It is more than 100 days since the first case of Covid-19 was reported in Kenya. The battle against the pandemic was vigorous in the beginning, but the vigour and the passion has been reducing as the days go by. According to a recent research by Info Track, a large number of people across the country are no longer in favour of the daily updates given by the Ministry of Health concerning the spread of Covid-19.
Many people claim the reports are alarming and discouraging. Yet another research by TIFA indicated that 76 per cent of Kenyans are ready to go for voluntary Covid-19 tests while 23 per cent fear the shocking results they might get hence would avoid the test.
Also, 9 per cent of the population fear being taken to quarantine while another 9 per cent fear the stigma that might result from testing positive.
Although 69 per cent would accept voluntary quarantine after testing positive, 74 per cent of the people confirmed that they would hide their results from their families.
Researchers had warned that by the end of April this year, we would be having more than 5,000 positive Covid-19 cases.
But following the strict measures that were put in place across the country, the country is experiencing manageable numbers, though cases have been increasing. A wave of fear and tension is sweeping across the country, given that we are ill-prepared to face the pandemic.

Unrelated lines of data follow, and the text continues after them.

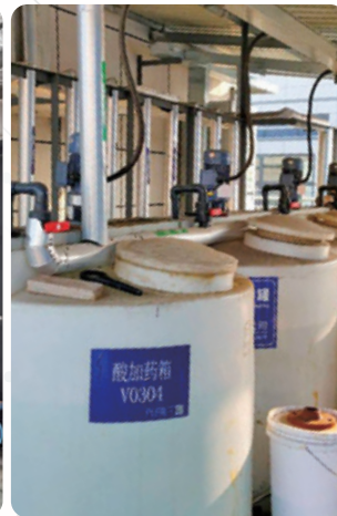
Sewage Treatment Facilities 廢水處理設施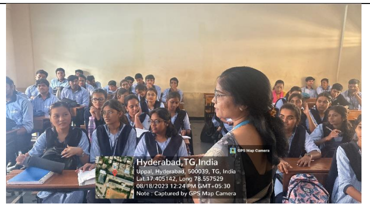
Students are being debriefed on the topics covered.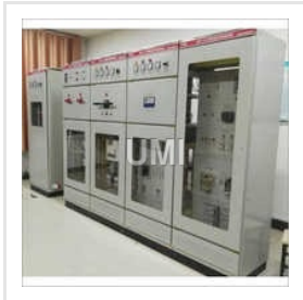
Electrical Training Equipment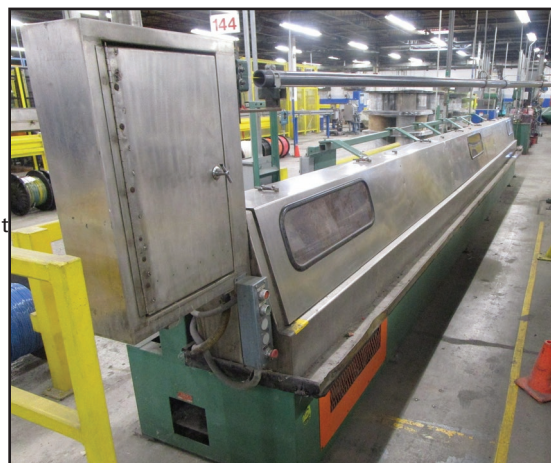
DAVIS ELECTRIC MULTIPASS CAPSTAN

CLIPPER TENSION STAND , s/n TB8-200-P5299-51980 (Missing a Sheave)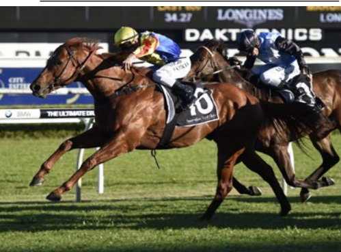
Spieth (NZ) (Thorn Park)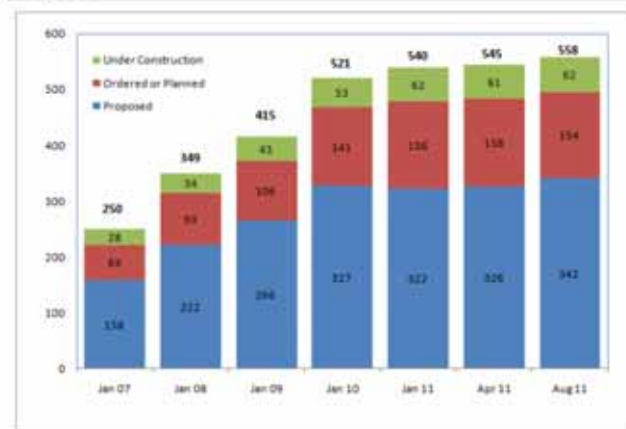
Exhibit 2. Global Nuclear Reactors Under Construction, Planned or Proposed

http://kivalligenergy.com/resources/20110825Uranium_Versant_Industry_Update_Featuring_KIV.pdf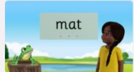
Word Time 1.1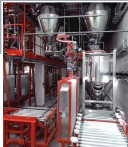
Container filling with KAD – KOKEISL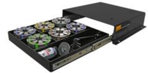
PC125RCD Skit w/ 8 dies & cabinet (20809573)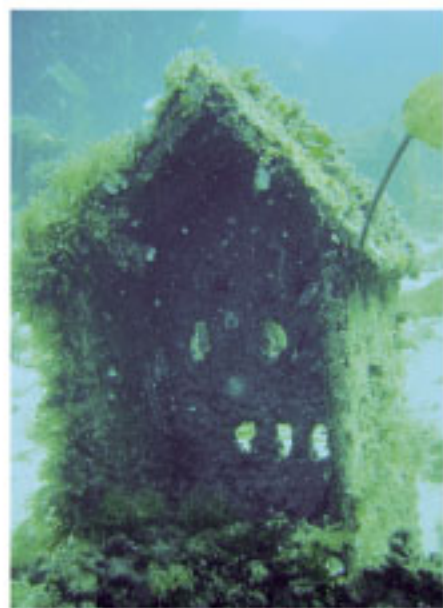
A few buildings at 15m are all that remain of Le Village , a film set from the 1960s

the dive boats, where we would find up to three anchored at a time.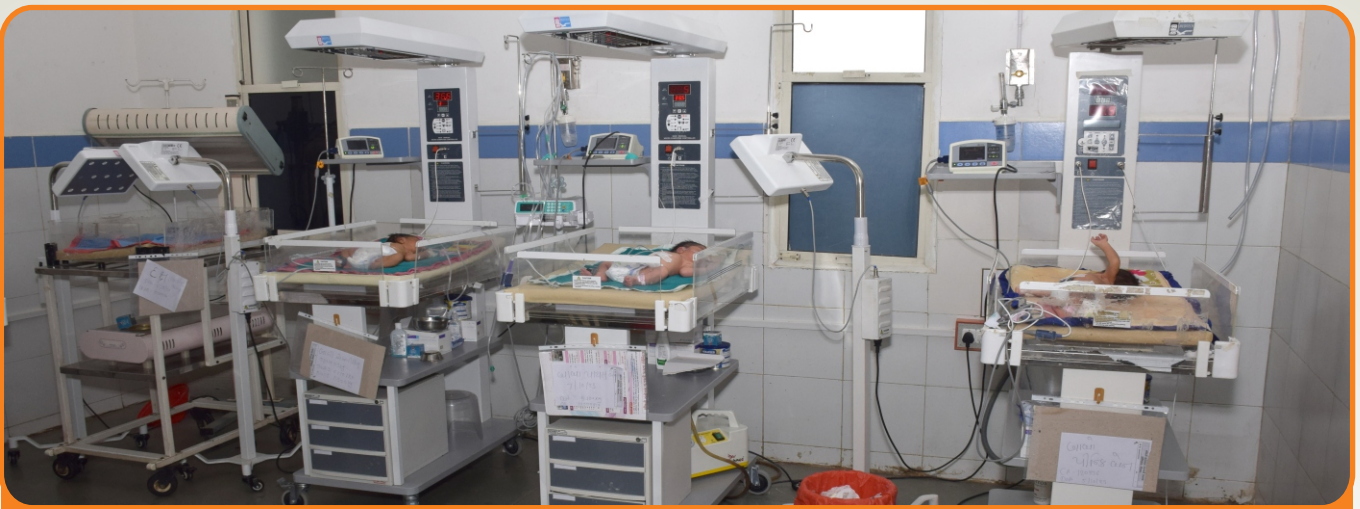
NICU room equipped with modern equipment and facilities for new born babies at the hospital.

This year 118 Laparoscopy Surgical Procedure were done to make hysterectomy less painful and quicken the recovery.

Now that we are heading towards the peak of the pandemic, there is reason to worry since most counties do not have enough facilities in hospitals. This means that we shall have to raise our vigilance and take personal initiative.
It has been confirmed that a large percentage of Covid-19 positive people across the country are asymptomatic. Mass testing of people has not been achieved, considering that there are still not enough testing kits.
We have to consider other issues arising alongside the pandemic when it comes to balancing between lives and livelihoods. Parents have to take their responsibilities seriously and handle the cases of teenage pregnancies, suicide and drug abuse among the youth. Parents have failed to impart life skills to their children.
It is true that we are all struggling due to the pandemic. But we ought to understand that we cannot undergo lockdown forever. At one point businesses, schools, churches and travel will have to resume. Before we return to normalcy, we have to stay healthy so as to win the battle against Covid-19.